Problem description - Output the listing exactly as written, apart from its pictures.

Supplied material -
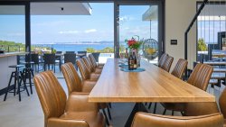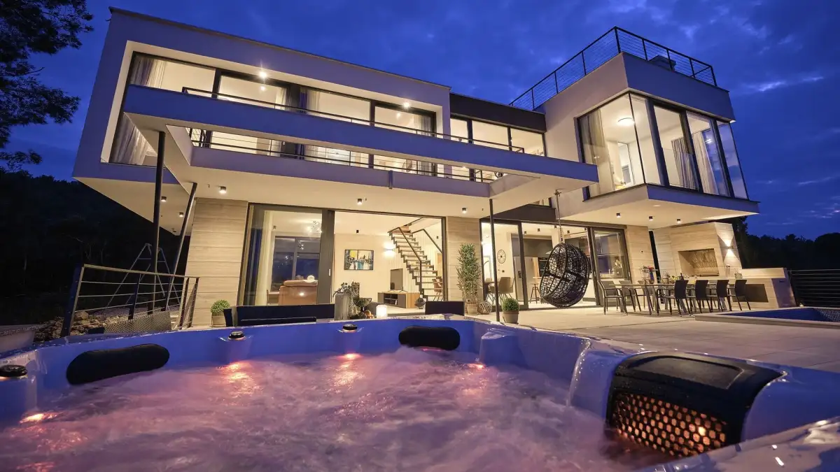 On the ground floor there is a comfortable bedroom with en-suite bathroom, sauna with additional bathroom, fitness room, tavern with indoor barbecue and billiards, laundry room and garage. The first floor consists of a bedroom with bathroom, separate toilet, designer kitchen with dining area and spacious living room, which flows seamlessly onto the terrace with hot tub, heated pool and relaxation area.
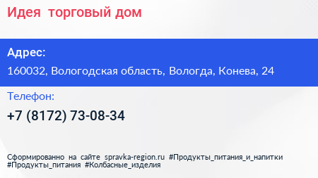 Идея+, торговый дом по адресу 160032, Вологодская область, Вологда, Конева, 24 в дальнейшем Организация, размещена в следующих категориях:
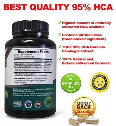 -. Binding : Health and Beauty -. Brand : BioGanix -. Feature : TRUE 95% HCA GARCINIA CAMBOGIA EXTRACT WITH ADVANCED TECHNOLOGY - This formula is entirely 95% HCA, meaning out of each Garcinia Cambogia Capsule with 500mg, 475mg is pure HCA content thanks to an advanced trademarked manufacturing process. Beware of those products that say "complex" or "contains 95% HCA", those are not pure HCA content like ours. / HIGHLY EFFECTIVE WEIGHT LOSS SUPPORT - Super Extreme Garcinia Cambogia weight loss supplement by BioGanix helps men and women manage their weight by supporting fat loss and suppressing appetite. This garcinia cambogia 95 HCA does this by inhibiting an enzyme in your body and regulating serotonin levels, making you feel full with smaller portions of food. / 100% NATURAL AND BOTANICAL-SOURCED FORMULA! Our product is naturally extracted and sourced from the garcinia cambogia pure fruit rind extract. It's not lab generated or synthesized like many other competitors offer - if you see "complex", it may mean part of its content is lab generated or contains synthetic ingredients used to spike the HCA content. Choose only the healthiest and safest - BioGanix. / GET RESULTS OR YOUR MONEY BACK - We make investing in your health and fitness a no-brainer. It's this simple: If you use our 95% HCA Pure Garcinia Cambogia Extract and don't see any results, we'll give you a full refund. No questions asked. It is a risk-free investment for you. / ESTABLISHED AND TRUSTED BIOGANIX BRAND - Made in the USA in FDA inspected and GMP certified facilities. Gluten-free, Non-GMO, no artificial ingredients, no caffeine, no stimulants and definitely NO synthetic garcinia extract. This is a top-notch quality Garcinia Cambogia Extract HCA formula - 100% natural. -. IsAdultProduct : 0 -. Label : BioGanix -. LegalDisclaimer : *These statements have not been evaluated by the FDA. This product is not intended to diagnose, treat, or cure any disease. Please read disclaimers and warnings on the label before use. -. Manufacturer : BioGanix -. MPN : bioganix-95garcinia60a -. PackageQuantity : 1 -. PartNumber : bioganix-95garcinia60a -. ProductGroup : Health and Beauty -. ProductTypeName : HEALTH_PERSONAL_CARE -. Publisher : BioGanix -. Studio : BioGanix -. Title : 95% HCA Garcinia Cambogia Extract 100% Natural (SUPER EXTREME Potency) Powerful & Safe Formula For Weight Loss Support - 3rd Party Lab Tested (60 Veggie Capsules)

Task result -
 On the ground floor there is a comfortable bedroom with en-suite bathroom, sauna with additional bathroom, fitness room, tavern with indoor barbecue and billiards, laundry room and garage. The first floor consists of a bedroom with bathroom, separate toilet, designer kitchen with dining area and spacious living room, which flows seamlessly onto the terrace with hot tub, heated pool and relaxation area.
 Идея+, торговый дом по адресу 160032, Вологодская область, Вологда, Конева, 24 в дальнейшем Организация, размещена в следующих категориях:
 -. Binding : Health and Beauty -. Brand : BioGanix -. Feature : TRUE 95% HCA GARCINIA CAMBOGIA EXTRACT WITH ADVANCED TECHNOLOGY - This formula is entirely 95% HCA, meaning out of each Garcinia Cambogia Capsule with 500mg, 475mg is pure HCA content thanks to an advanced trademarked manufacturing process. Beware of those products that say "complex" or "contains 95% HCA", those are not pure HCA content like ours. / HIGHLY EFFECTIVE WEIGHT LOSS SUPPORT - Super Extreme Garcinia Cambogia weight loss supplement by BioGanix helps men and women manage their weight by supporting fat loss and suppressing appetite. This garcinia cambogia 95 HCA does this by inhibiting an enzyme in your body and regulating serotonin levels, making you feel full with smaller portions of food. / 100% NATURAL AND BOTANICAL-SOURCED FORMULA! Our product is naturally extracted and sourced from the garcinia cambogia pure fruit rind extract. It's not lab generated or synthesized like many other competitors offer - if you see "complex", it may mean part of its content is lab generated or contains synthetic ingredients used to spike the HCA content. Choose only the healthiest and safest - BioGanix. / GET RESULTS OR YOUR MONEY BACK - We make investing in your health and fitness a no-brainer. It's this simple: If you use our 95% HCA Pure Garcinia Cambogia Extract and don't see any results, we'll give you a full refund. No questions asked. It is a risk-free investment for you. / ESTABLISHED AND TRUSTED BIOGANIX BRAND - Made in the USA in FDA inspected and GMP certified facilities. Gluten-free, Non-GMO, no artificial ingredients, no caffeine, no stimulants and definitely NO synthetic garcinia extract. This is a top-notch quality Garcinia Cambogia Extract HCA formula - 100% natural. -. IsAdultProduct : 0 -. Label : BioGanix -. LegalDisclaimer : *These statements have not been evaluated by the FDA. This product is not intended to diagnose, treat, or cure any disease. Please read disclaimers and warnings on the label before use. -. Manufacturer : BioGanix -. MPN : bioganix-95garcinia60a -. PackageQuantity : 1 -. PartNumber : bioganix-95garcinia60a -. ProductGroup : Health and Beauty -. ProductTypeName : HEALTH_PERSONAL_CARE -. Publisher : BioGanix -. Studio : BioGanix -. Title : 95% HCA Garcinia Cambogia Extract 100% Natural (SUPER EXTREME Potency) Powerful & Safe Formula For Weight Loss Support - 3rd Party Lab Tested (60 Veggie Capsules)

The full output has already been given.